_Records for this exercise:_
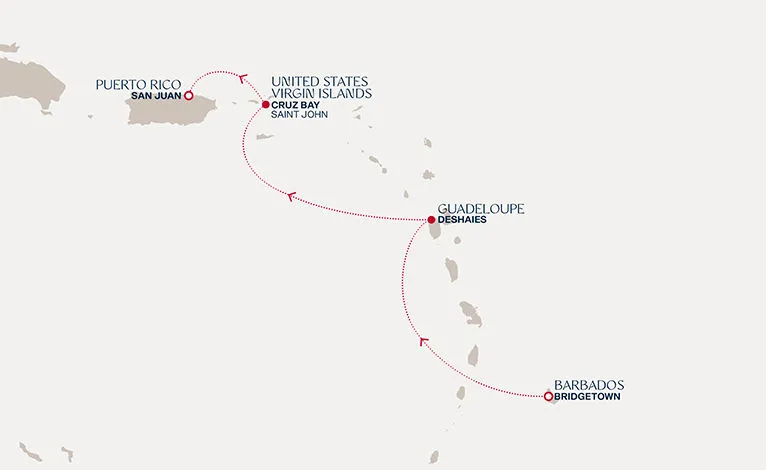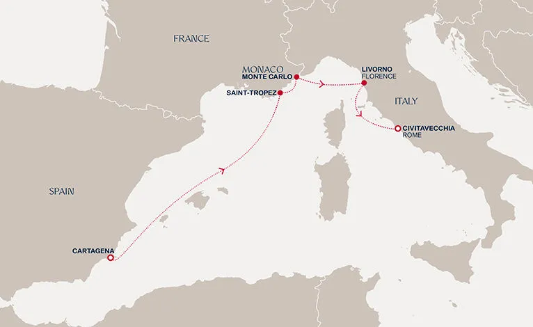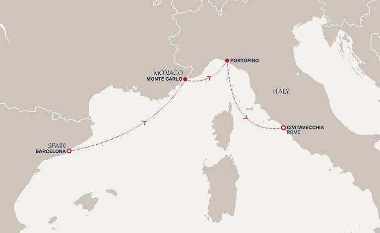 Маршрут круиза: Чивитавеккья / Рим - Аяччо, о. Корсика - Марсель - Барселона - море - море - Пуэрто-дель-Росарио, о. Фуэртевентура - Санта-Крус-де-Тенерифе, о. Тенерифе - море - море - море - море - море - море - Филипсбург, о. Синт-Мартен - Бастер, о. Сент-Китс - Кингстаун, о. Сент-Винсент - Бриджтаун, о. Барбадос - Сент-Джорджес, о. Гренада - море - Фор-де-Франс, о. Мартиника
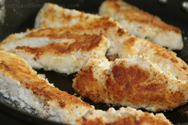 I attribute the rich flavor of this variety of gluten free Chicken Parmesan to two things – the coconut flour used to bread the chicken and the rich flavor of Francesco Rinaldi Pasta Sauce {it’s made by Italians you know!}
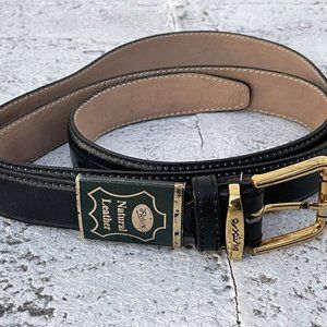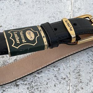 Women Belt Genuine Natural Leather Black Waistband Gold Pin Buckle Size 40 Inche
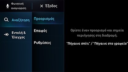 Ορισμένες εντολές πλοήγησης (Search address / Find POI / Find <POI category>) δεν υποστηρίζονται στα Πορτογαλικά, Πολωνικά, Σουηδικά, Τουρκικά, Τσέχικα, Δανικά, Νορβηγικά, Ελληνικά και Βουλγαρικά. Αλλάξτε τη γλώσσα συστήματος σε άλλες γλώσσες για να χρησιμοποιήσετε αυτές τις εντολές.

==

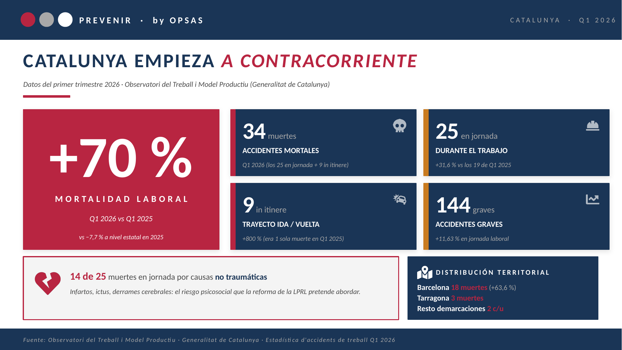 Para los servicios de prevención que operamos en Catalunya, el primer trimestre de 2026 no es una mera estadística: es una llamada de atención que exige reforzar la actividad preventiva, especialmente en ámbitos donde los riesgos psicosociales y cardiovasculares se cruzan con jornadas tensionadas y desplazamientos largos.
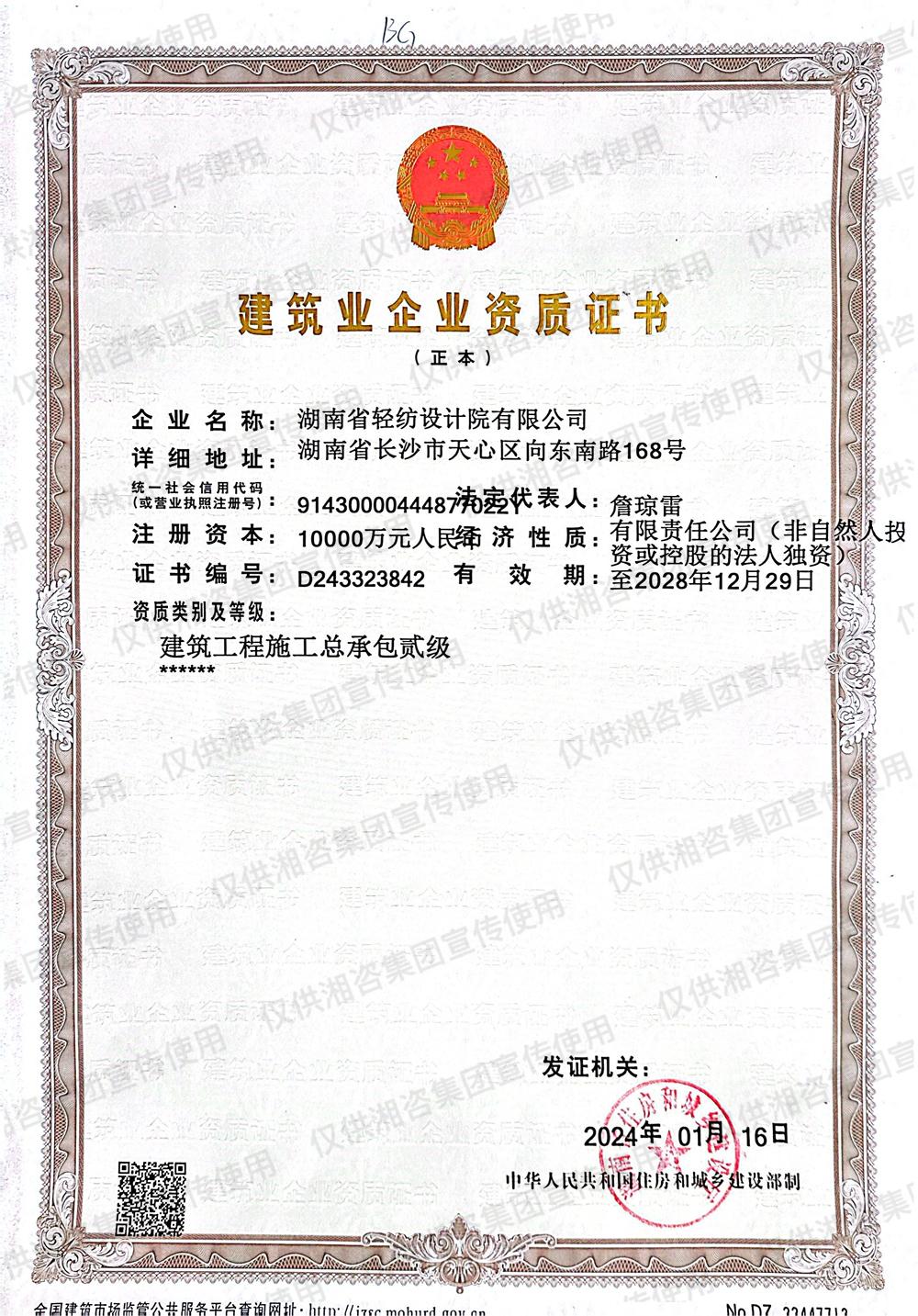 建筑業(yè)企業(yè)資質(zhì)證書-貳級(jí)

_Task statement:_
Starting at the line containing "Women Belt Genuine" and stopping at the line containing "Ορισμένες εντολές πλοήγησης", output each line exactly as it appears above. Leave out the pictures.

_Written response:_
 Women Belt Genuine Natural Leather Black Waistband Gold Pin Buckle Size 40 Inche
 Ορισμένες εντολές πλοήγησης (Search address / Find POI / Find <POI category>) δεν υποστηρίζονται στα Πορτογαλικά, Πολωνικά, Σουηδικά, Τουρκικά, Τσέχικα, Δανικά, Νορβηγικά, Ελληνικά και Βουλγαρικά. Αλλάξτε τη γλώσσα συστήματος σε άλλες γλώσσες για να χρησιμοποιήσετε αυτές τις εντολές.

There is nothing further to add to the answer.